CIKM 2015 is now completed. See you in Indianapolis in 2016!

Keynote Presentations

CIKM 2015 will feature invited keynote addresses from three outstanding researchers.

teevan

Jaime Teevan, Microsoft

Slow Search: Improving Information Retrieval Using Human Assistance

We live in a world where the pace of everything from communication to transportation is getting faster. In recent years a number of "slow movements" have emerged that advocate for reducing speed in exchange for increasing quality. These include the slow food movement, slow parenting, slow travel, and even slow science. We propose the concept of "slow search," where search engines use additional time to provide a higher quality search experience than is possible given conventional time constraints. While additional time can be used to identify particularly relevant results within the existing search engine framework, it can also be used to create new search artifacts and enable previously unimaginable user experiences. In this talk I focus on how search engines can make use of additional time to employ a resource that is inherently slow: other people. Using crowdsourcing and friendsourcing, I will highlight opportunities for search systems to support new search experiences with high quality result content that takes time to identify.

Jaime Teevan is a Senior Researcher at Microsoft Research and an Affiliate Assistant Professor at the University of Washington. Working at the intersection of human computer interaction, information retrieval, and social media, she studies people's information seeking activities. Much of her research focuses on the social and temporal context of information use, and she developed the first personalized search algorithm used by Bing. Her accomplishments have been honored with Technology Review (TR35) Young Innovator and Borg Early Career awards. She has published numerous technical articles, including several books and best papers. She received a PhD from MIT and a BS in Computer Science from Yale University.


tomkins

Andrew Tomkins, Google

Large-Scale Analysis of Dynamics of Choice among Discrete Alternatives

The online world is rife with scenarios in which a user must select one from a finite set of alternatives: which movie to watch, which song to play, which camera to order, which website to visit. In this talk, I’ll give an overview of this class of problems and some established solutions, and I’ll describe some recent work in large-scale analysis of this data type. I’ll begin with a discussion of choice among restaurants, taking into account factors of physical location. I’ll then discuss the dynamics of repeated consumption of the same item, which has a long history of interest to marketers and psychologists but is less well-studied in computer science. Finally, I’ll move to a more complex scenario of sequential consumption of a range of items, and will show how the theory of discrete choice can be incorporated into the theory of Markov processes, requiring a new algorithmic approach.

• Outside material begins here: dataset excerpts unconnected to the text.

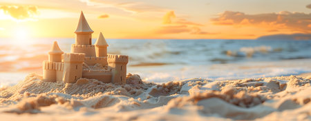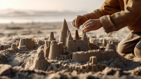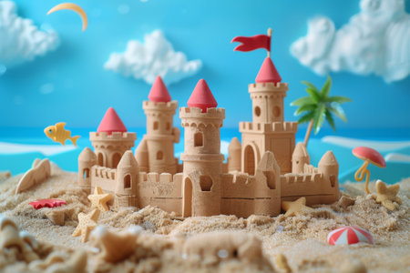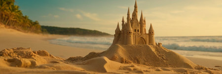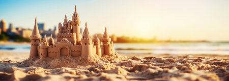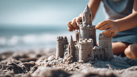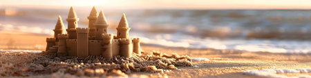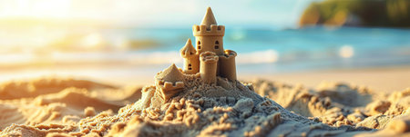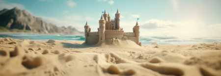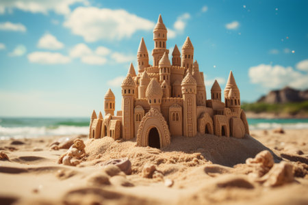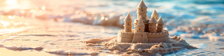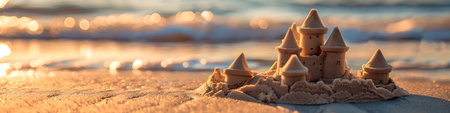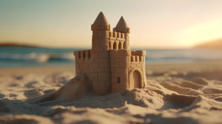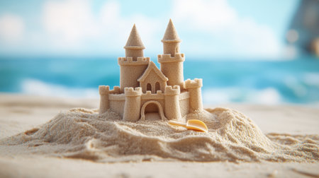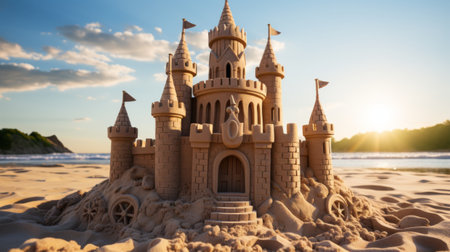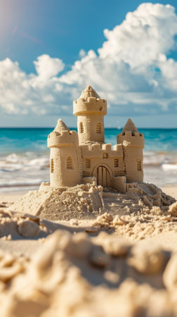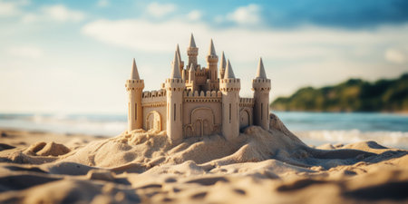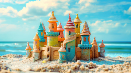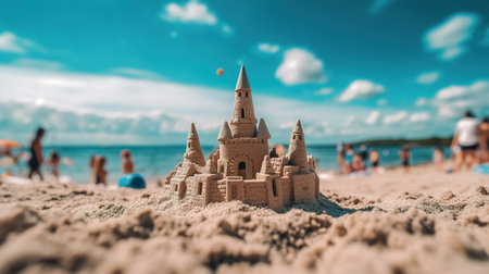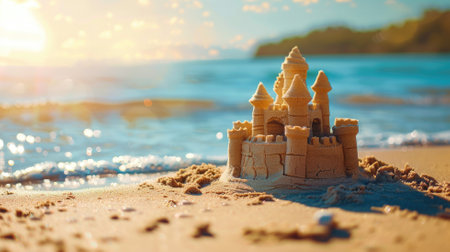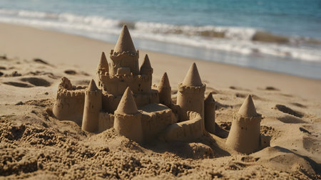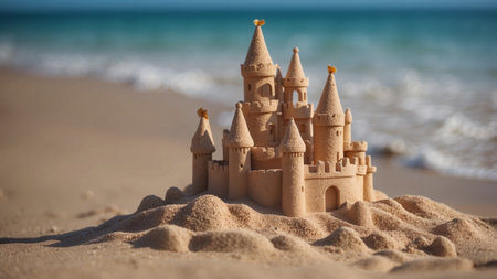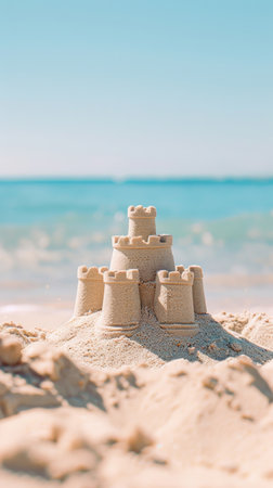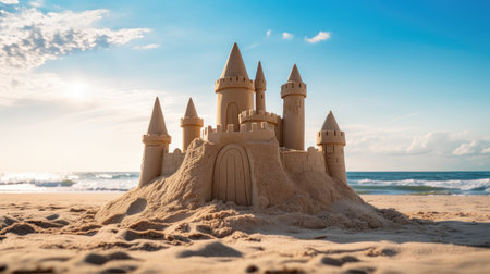 Intricate sandcastle towers and turrets rise majestically on the shore, showing childrens creativity. Perfect for beach day fun, inspiring imaginations to soar under the sun.
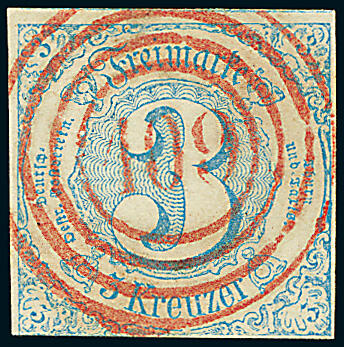 | Zusatzinformationen und Suchstichworte: | Dr. Derichs 170. Auktion 3. Juni 2023 Los 1572 Altdeutschland Thurn und Taxis "109" ERBACH in leuchtendem Rot, zentrisch, gerade und ganz klar auf 3 Kreuzer blau, diese nur links unten winzig berührt und sonst überall voll- bis breitrandig bzw. oben sogar auf voller Länge mit Ansatz der Nachbarmarke. Schöner Farbkontrast von Marke und Abstempelung. Neuer Fotobefund Sem BPP. Zuschlag 260,00 EUR |
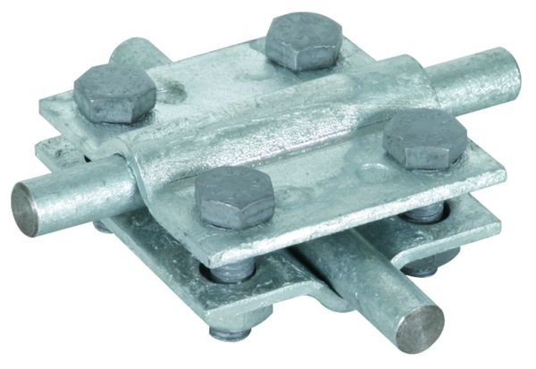 Kreuzstück nach DIN EN 62561-1, für ober- und unterirdische Verbindung von Rund- und Flachleitern. Ausführung ohne Zwischenplatte mit Schrauben M8.
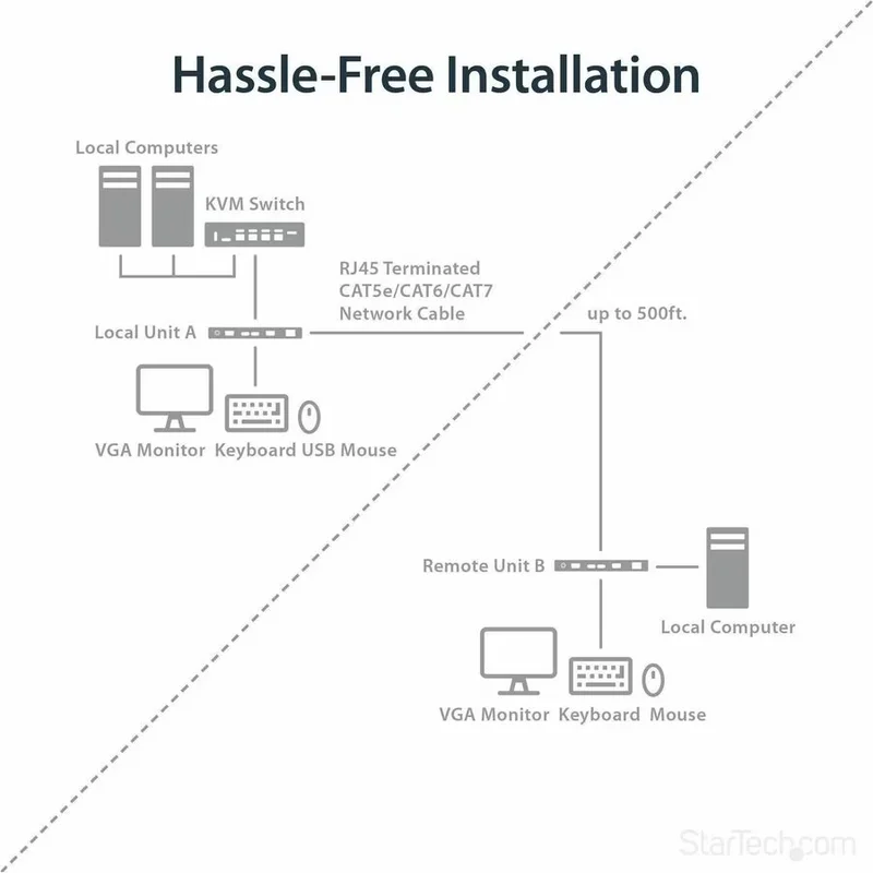 KVM-удлинитель StarTech.com SV565UTPU представляет собой высокоэффективное решение для IT-специалистов, системных администраторов и всех, кто нуждается в удаленном управлении серверами или рабочими станциями. Этот настольный (Desktop) KVM-удлинитель позволяет значительно увеличить расстояние между консолью управления (монитор, клавиатура, мышь) и двумя поддерживаемыми компьютерами, используя стандартный кабель CAT5 UTP. Забудьте об ограничениях коротких кабелей – с SV565UTPU вы получаете максимальное рабочее расстояние до 500 футов (приблизительно 152 метра), что открывает новые возможности для организации серверных комнат, центров обработки данных или просто более гибкого рабочего пространства.
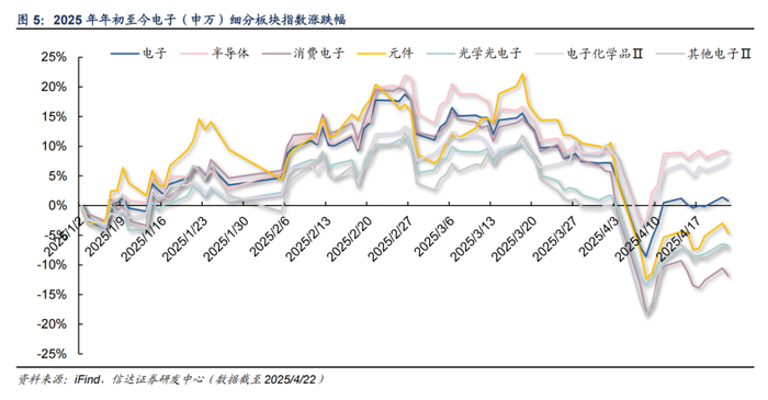 半导体、电子化学品板块上涨,消费电子板块有所调整。从细分板块的涨跌幅来看,2025年初至4/22,电子整体上涨0.8%,子板块半导体、消费电子、元件、光学光电子、电子化学品分别变动9.0%、-11.9%、-4.7%、-6.7%、8.0%。下跌主要受到美国关税政策影响,若只看一季度表现,子板块均有所上涨,半导体、消费电子、元件、光学光电子、电子化学品分别上涨8.9%、6.7%、10.0%、0.9%、8.6%。

Andrew Tomkins joined Google Research in 2009, where he serves as an engineering director working on geo data analysis and machine learning. His earlier research focused on measurement, modeling, and analysis of content, communities, and users on the World Wide Web. Prior to joining Google, he spent four years at Yahoo! serving as chief scientist of search, and eight years at IBM's Almaden Research Center, where he served as chief scientist on the WebFountain project. Andrew has authored over 100 technical papers and 60 issued patents. He received Bachelors degrees in Mathematics and Computer Science from MIT, and a PhD in CS from Carnegie Mellon University.

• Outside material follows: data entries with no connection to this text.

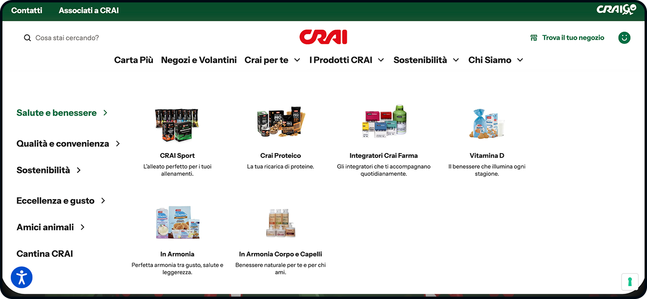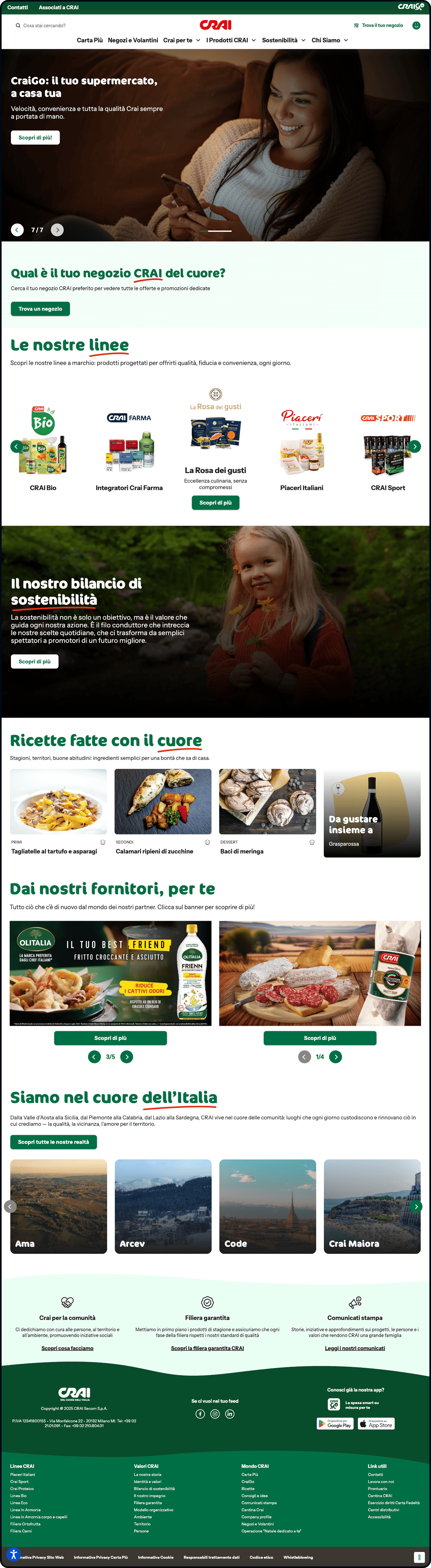 CRAI è uno dei nomi più riconoscibili della GDO italiana, con una storia ricca e un posizionamento distintivo nel mercato. Voleva modernizzare l’esperienza digitale, rafforzare l’identità di marca e creare una piattaforma capace di valorizzare le diverse anime dell’azienda, dalle linee di prodotto alle ricette, dalla cantina dei vini alle news aziendali, mantenendo coerenza e chiarezza comunicativa.
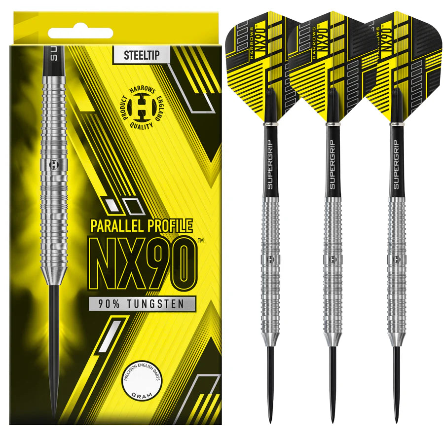 NX90 dartpijlen worden geleverd met Black Supergrip midi shafts, nieuwe 100 micron NX90 flights en zijn match gewogen tot +/- 0,05g.
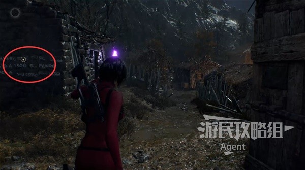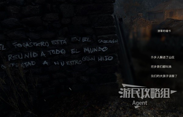 Back to the village square, on the left side of the door there is a scribbled wall inscription. Behind the house are merchants who are purchasing expansion kits for suitcases and recipes for explosive arrows.

Andrew’s presentation will also open the Conference’s Industry Track.


zhou

Xiaofang Zhou, University of Queensland

Making Sense of Spatial Trajectories

Spatial trajectory data is widely available today. Over a sustained period of time, trajectory data has been collected from numerous GPS devices, smartphones, sensors and social media applications. How do we manage them? What values can a business derive from them, and how? Due to their very large volumes, the nature of streaming itself, highly variable levels of data quality, as well as many possible links with other types of data, making sense of spatial trajectory data is one of the crucial areas for big data analytics. In this talk, I will introduce this increasingly important research area in the context of new applications, new problems and new opportunities. I will discuss recent advances in trajectory data management and trajectory mining, from their foundations to high performance processing with modern computing infrastructures.

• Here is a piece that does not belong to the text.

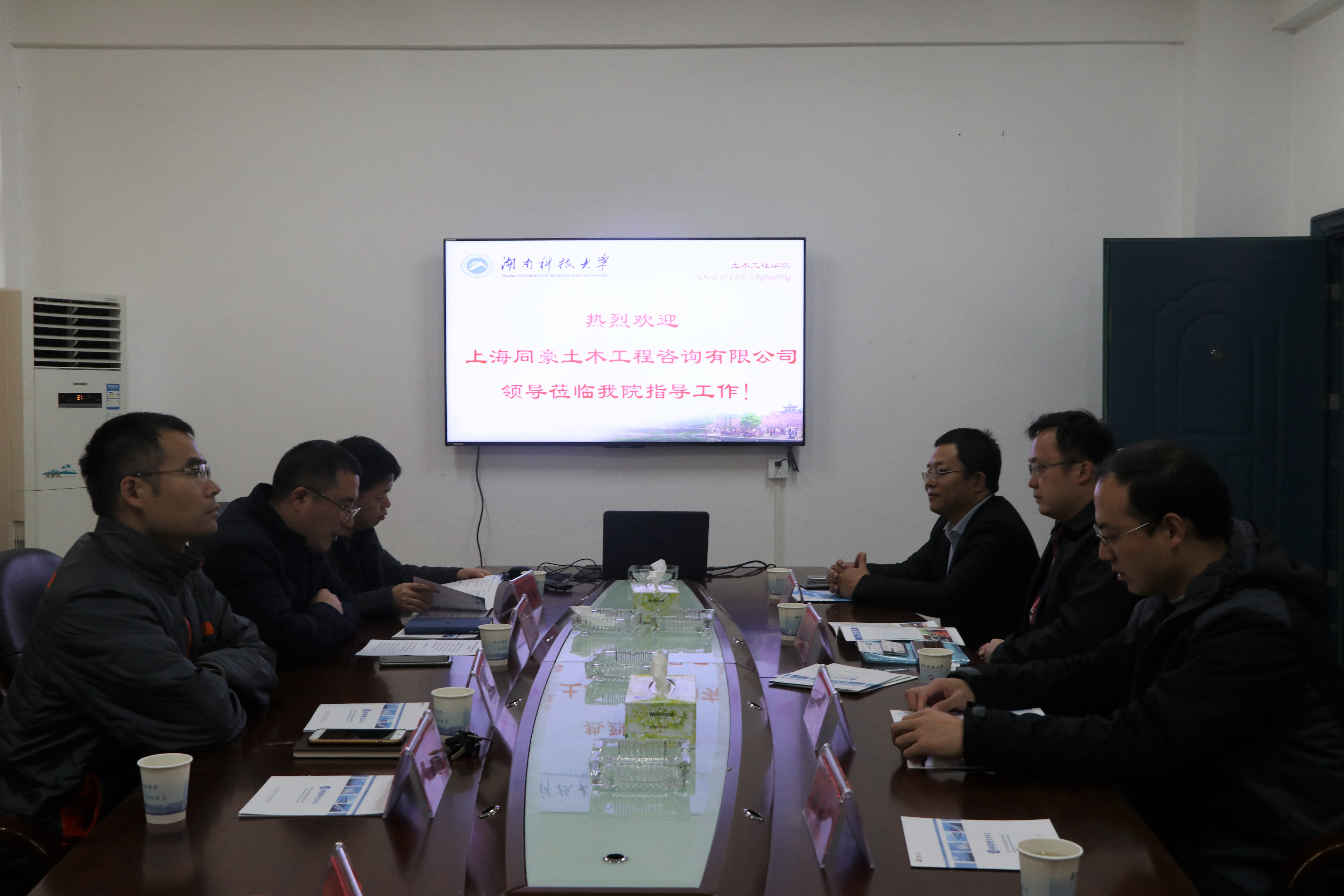 12410:30土木楼214会议室隆重举行了上海同豪土木工程咨询有限公司beat365亚洲版官网校企合作授牌仪式。上海同豪土木工程咨询有限公司董事韩吉峰、高校中南区总经理李宏涛、专业技术支持张楠,beat365亚洲版官网院长祝明桥、副院长郝小礼、副院长孙洪鑫副院长汪建群、建筑工程系系主任黄海林、工程管理系系主任肖全东出席,并就合作内容进行深入交流。副院长郝小礼主持本次会议。
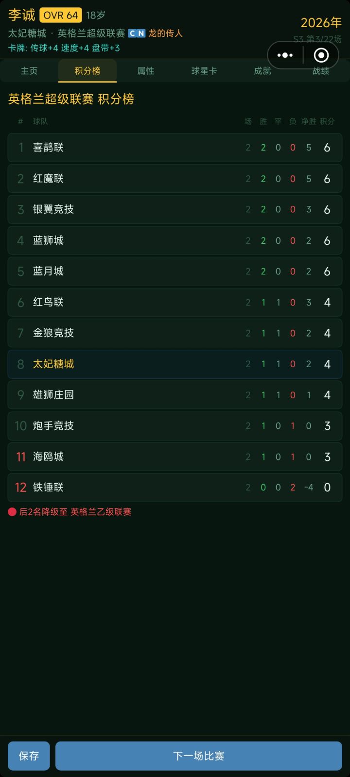 通过不断的比赛来提升自己玩的我有点上头看着积分榜上的其他球队盘盘算着怎么才能打上第一注:游戏需要yi点点运气

Xiaofang Zhou is a Professor of Computer Science at The University of Queensland, Australia, leading the Data and Knowledge Engineering (DKE) Group at UQ. His research focus is to find effective and efficient solutions for managing, integrating and analyzing very large amount of complex data for business, scientific and personal applications. He has been working in the area of spatial and multimedia databases, data quality, high performance database systems and data mining. He was a Program Committee Chair for IEEE ICDE 2013, and a General Chair of ACM Multimedia 2015. He has been an Associate Editor of The VLDB Journal, IEEE Transactions on Knowledge and Data Engineering, IEEE Transactions on Cloud Computing, World Wide Web Journal, Distributed and Parallel Databases, and IEEE Data Engineering Bulletin. He is the current Chair of IEEE Technical Committee on Data Engineering (TCDE).